Nurses stressed to me that we should also ensure that the hiring of more ancillary healthcare workers or even Patient Care Officers should not affect the nurse-to-patient ratios. They need more nurses, not less.
Sir, let me conclude. It is good news that MOH has acknowledged the manpower needs in the nursing industry and is working on recruitment.
However, concurrent with shoring up recruitment, let us retain those already in the profession. To retain nurses, we of course have to ensure that salaries are competitive. But we must also go beyond the monetary.
The need for more rest is the recurring cry for help that I hear from nurses. Can we help our nurses have more rest by mandating protected rest time between shifts, providing strong protections for rest time during shifts, and hiring more support staff, including ancillary care staff and Patient Care Officers?
Nurses care for us and those who are dear to us. But the burden of that care is now too heavy for them. As one shared, “Our health and our relationship with our families are compromised. We are taking care of people when we can’t even take good care of ourselves and our family.”
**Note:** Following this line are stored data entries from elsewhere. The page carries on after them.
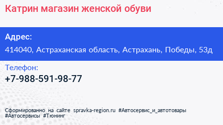 Катрин, магазин женской обуви по адресу 414040, Астраханская область, Астрахань, Победы, 53д в дальнейшем Организация, размещена в следующих категориях: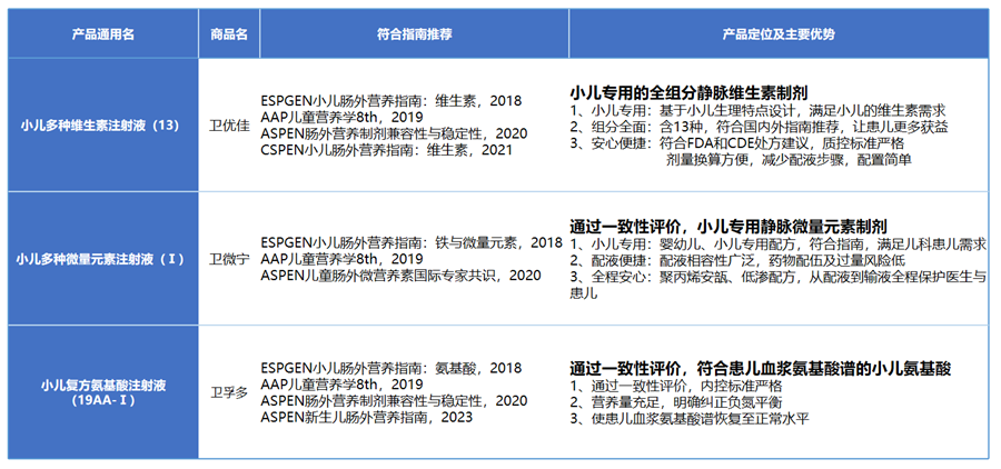 衛(wèi)信康兒科線腸外營養(yǎng)產(chǎn)品特點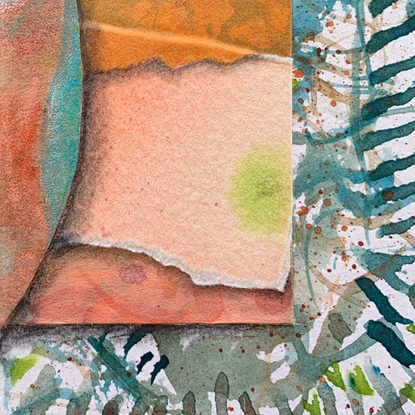 Read more: https://kathleen-obrien.com/backstories/ Backstory: I must have written “Always Merry and Bright” (from Henry Miller) a thousand times, here is one line of it. I remember thinking of Jupiter when I painted the circle. Even though the Spanish Capellades Abaca is painted with burnt orange it is still translucent to the watery painting below. The last of the thinnest birch bark, the cardboard with the black stripes, which I never saw again after I made “Book of Light page 102” repeated patterns.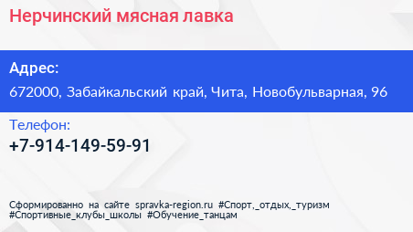 Нерчинский, мясная лавка по адресу 672000, Забайкальский край, Чита, Новобульварная, 96 в дальнейшем Организация, размещена в следующих категориях: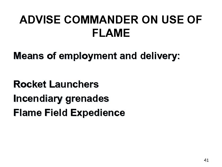 ADVISE COMMANDER ON USE OF FLAME Means of employment and delivery: Rocket Launchers Incendiary grenades Flame Field Expedience 41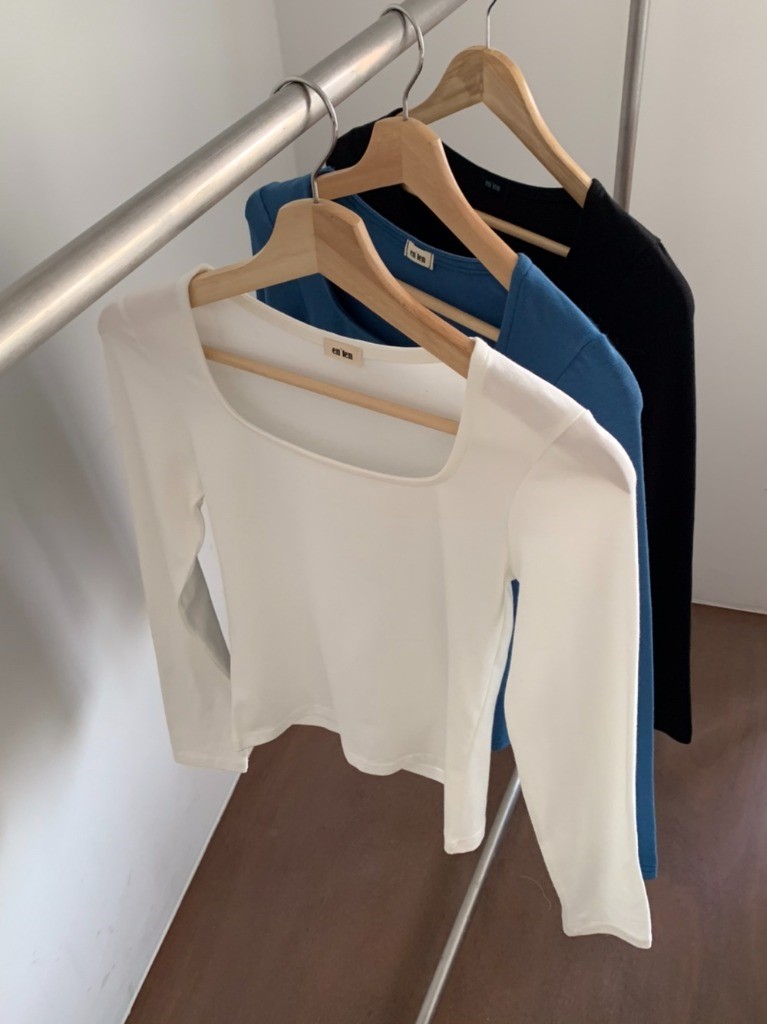 品名:뮤트 스퀘어t ◎※☞颜色:블랙, 블루, 아이보리 ◎※☞尺寸:FREE ◎※☞材质:纯棉 55%,모달 40%,스판 5% 翻译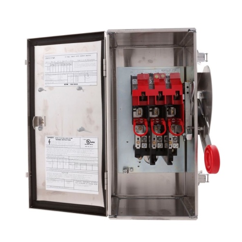 Eaton DH321FWK - The heavy-duty switches offered are designed for demanding commercial and industrial applications, providing reliable performance and service continuity. Available in 30-1200 A range, these switches are suitable for service entrance and feature fusible and non-fusible options. With deionizing arc chutes, visible ON/OFF indication, and a mechanically interlocked cover, they offer enhanced safety and durability. The switches come in premium 316-grade stainless steel enclosures for corrosion resistance and have additional features like clear line shields, triple padlocking capability, and interlocking mechanisms. Compliant with UL listing and seismic qualifications, these switches ensure reliable operation in challenging industrial environments.
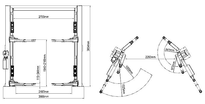 Два двухконтурных гидроцилиндра, разработанные и изготовленные японской компанией «NOK» (в соответствии со стандартом ANSI) с помощью выдвижных трансформируемых лап поднимают любой автомобиль массой не более 4,5 тонн, надежно фиксируя его в заданном положении.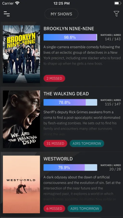 >> Keep track of missed or upcoming episodes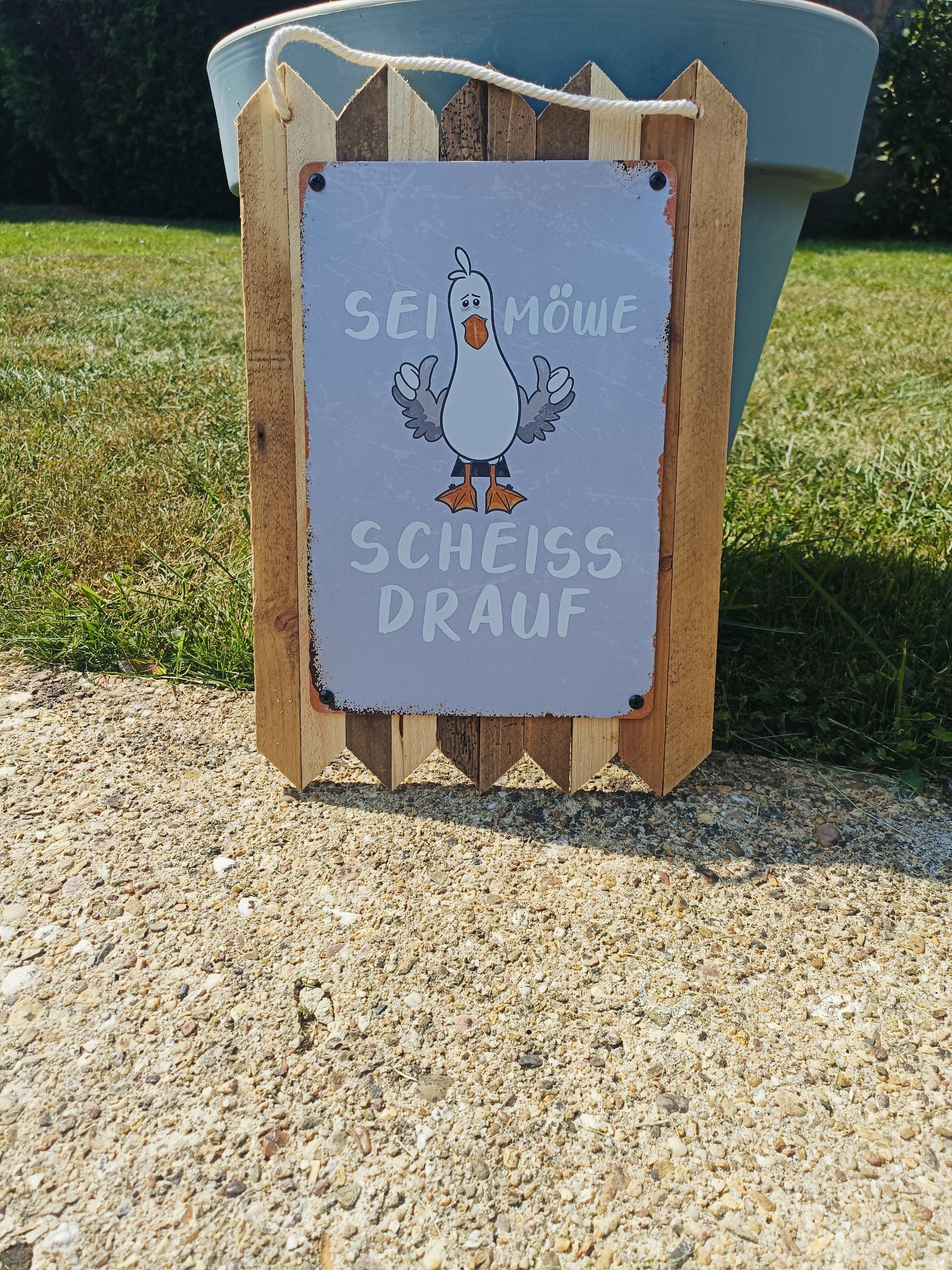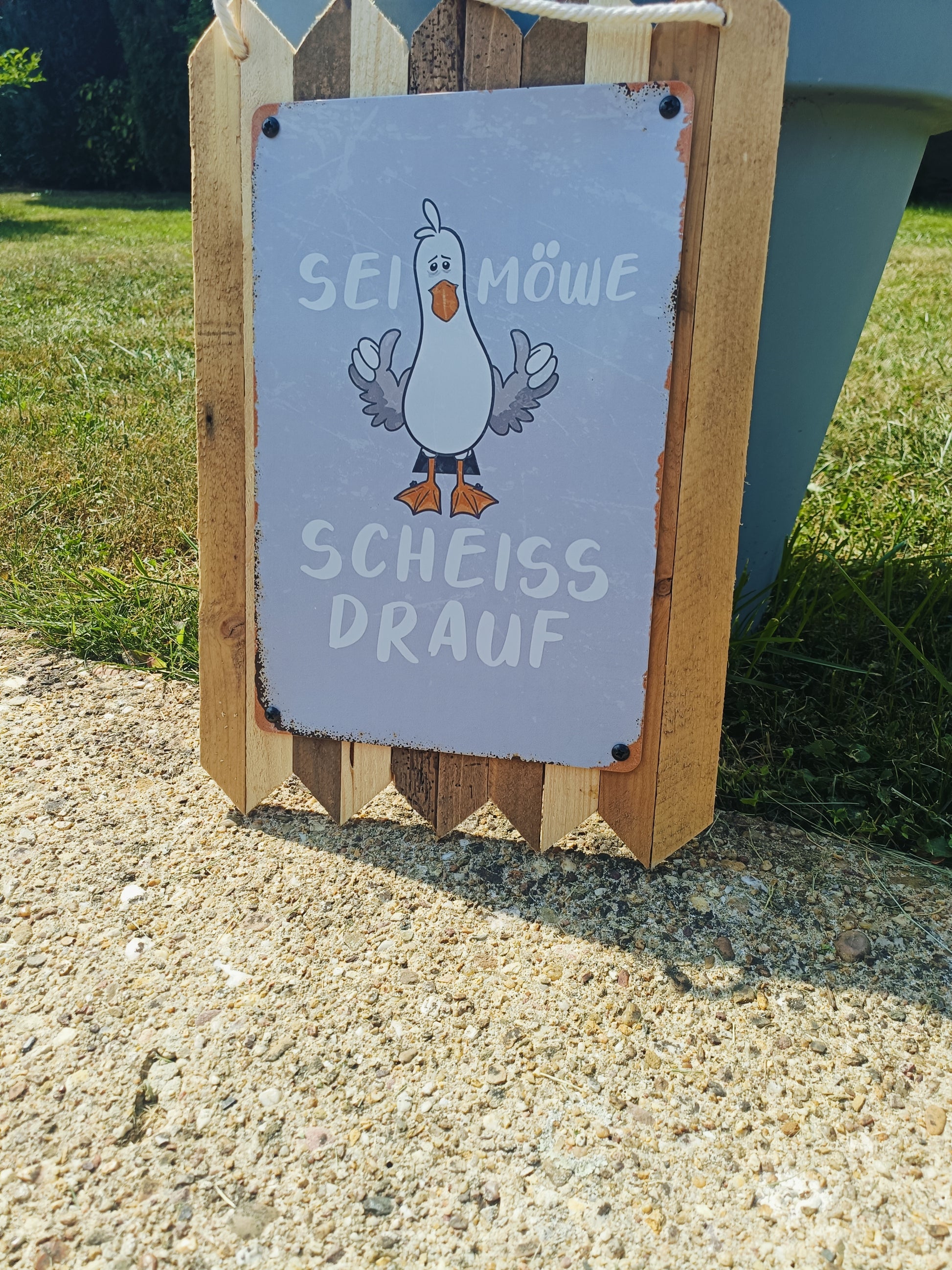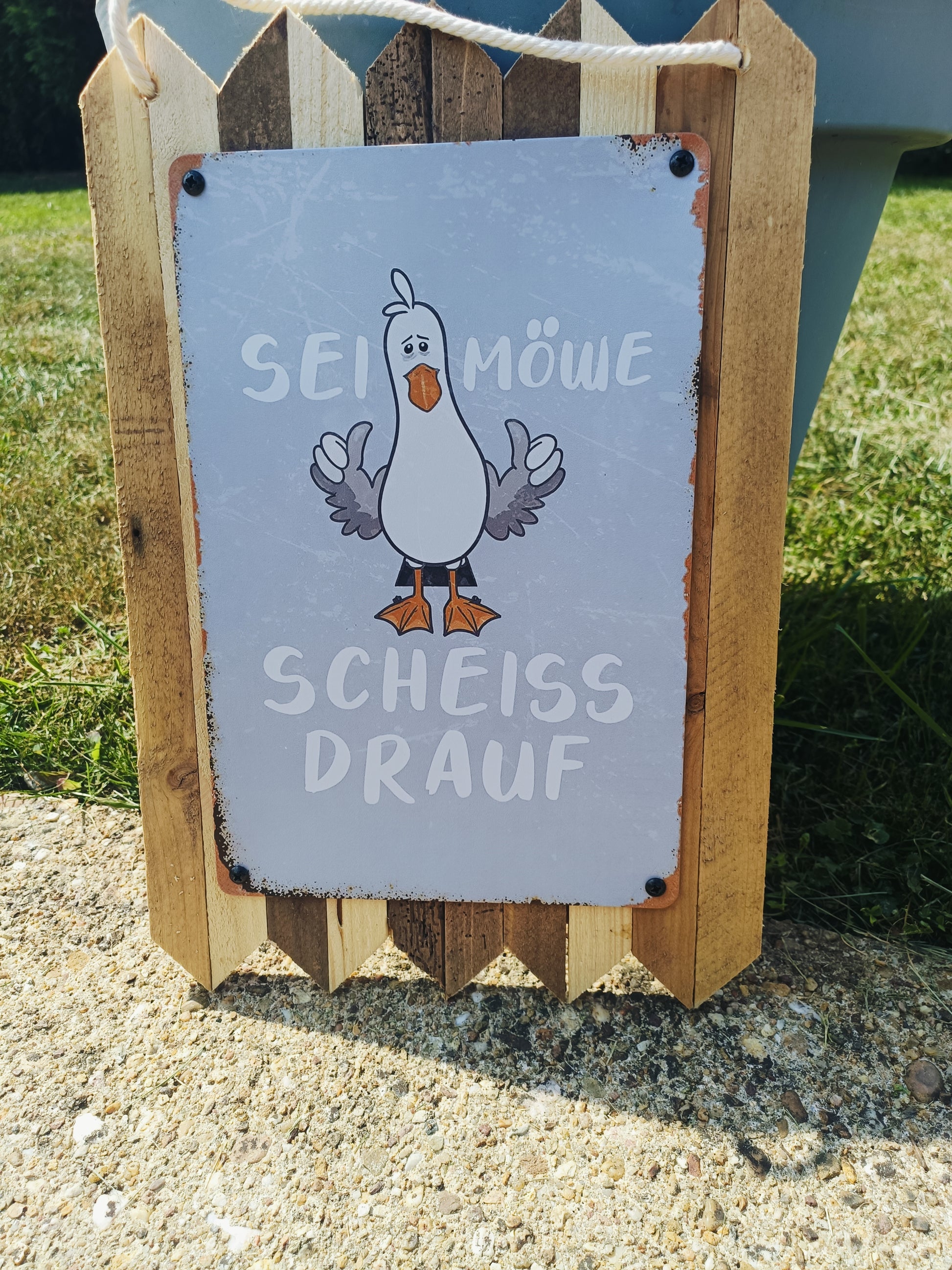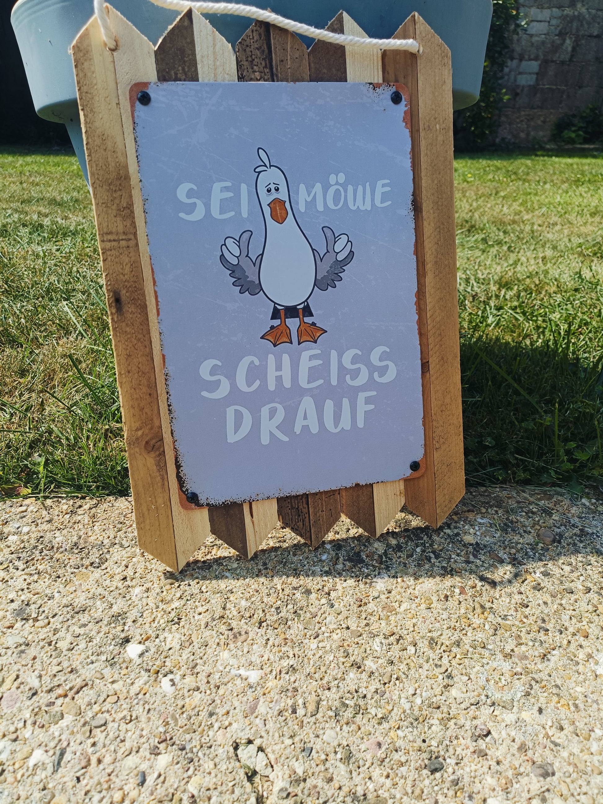 Blechschild Spruch – ‚Sei Möwe – scheiß drauf‘ | Lustiges Spruchschild, Handmade Wanddeko auf Altholz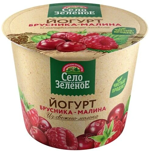 Йогурт с брусникой и малиной 3,5% 120 г Село Зелёное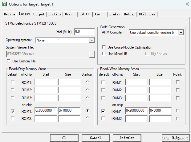 Parameter(参数) 是 Dialog DLL 的附加选项,用于传递特定的调试或烧录参数给底层调试器(如 ST-Link、J-Link 等)。它的具体含义取决于所使用的 调试器类型 和 目标芯片。同样的,我们在下载完编译器,选配好芯片后,由于我们使用的是STM32F1系列单片机,是ARM3内核的,其给我们默认的是 -pCM3 ,它也是通用的,它仅声明内核,不提供芯片的 Flash 大小、外设信息等细节。因此我们想要具体使用哪款新品,就声明具体型号(-pSTM32Fxxx),这里使用的是STM32F103C8T6,因此声明-pSTM32F103C8。
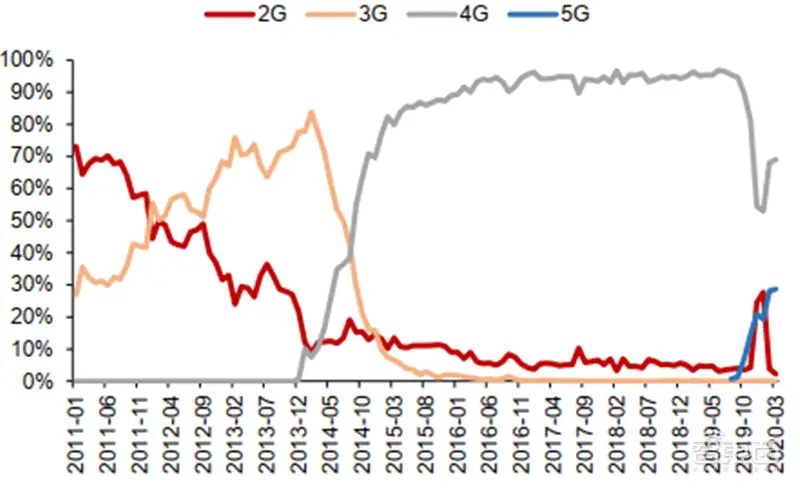 ▲中国2G/3G/4G渗透率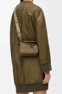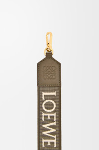 Detachable strap crafted in calfskin and jacquard with a LOEWE pattern on one side and an Anagram pattern on the reverse. - 4cm wide - Hook fastenings - Detachable and adjustable - Embossed Anagram Details - Colour: Dark Khaki Green - Metallic colour: Gold - Main material: Jacquard/Calf - Strap length: 65 - 105 cm - Weight: 0.13 kg - Height (cm): 0.2 - Width (cm): 105 - Depth (cm): 4 - Height (inch): 0.1 - Width (inch): 41.3 - Depth (inch): 1.6 - Model ID: C073T87X01 - CIL: 0010896918 - Made in: Spain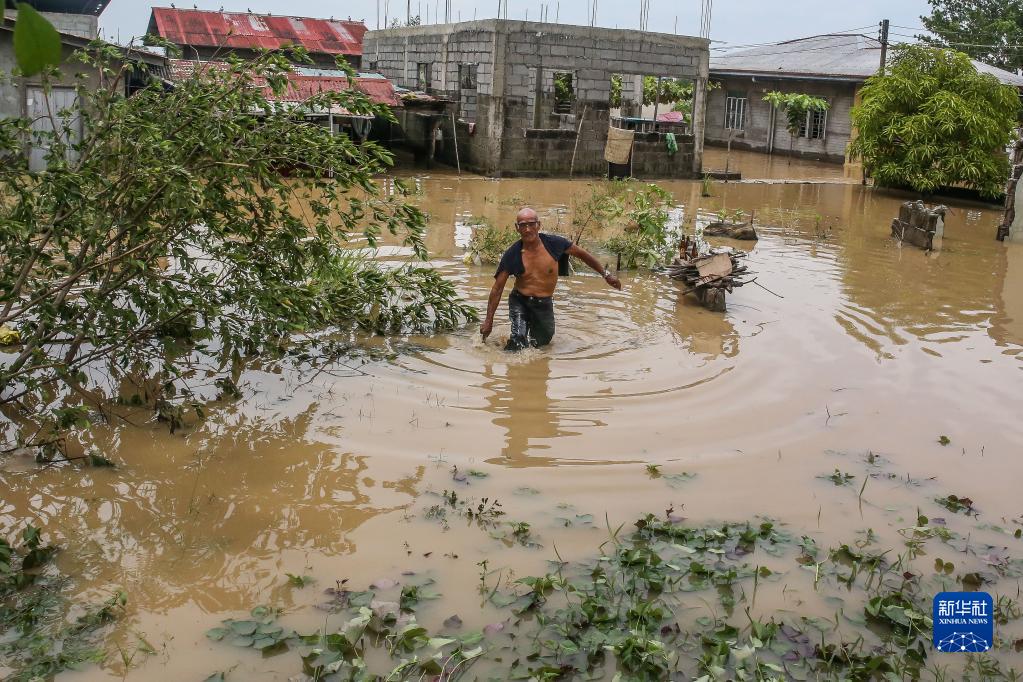 9月26日,在菲律賓布拉干省,一名男子涉水出行。

I have been struck by how many nurses I talked to spoke of their love for the profession and their desire to serve, even as they talked about how exhausted they are.
Another nurse told me, “We are called back for overtime when staff is down, when we don’t go to work because we are tired, the management counts the number of times and mentions it in our appraisal for not being a team player and marks us down for it. These are just sad realities. We end up feeling burnt out and essentially hating the very job that we started loving. People leave because they see no end to this dark tunnel.”
I hope MOH can provide nurses with some light at the end of this dark tunnel and look into the three recommendations I have raised on their behalf.
Sir, during the pandemic, we clapped for our nurses as part of the Clap for #SGUnited campaign, to show appreciation for those on the front lines of the fight against the pandemic. As we transition out of the pandemic, the workload of nurses has not eased and they continue to be on the frontline when it comes to our health. There are there for us in good times and bad times and we need to be there for them now, to protect them and help them when they need us the most.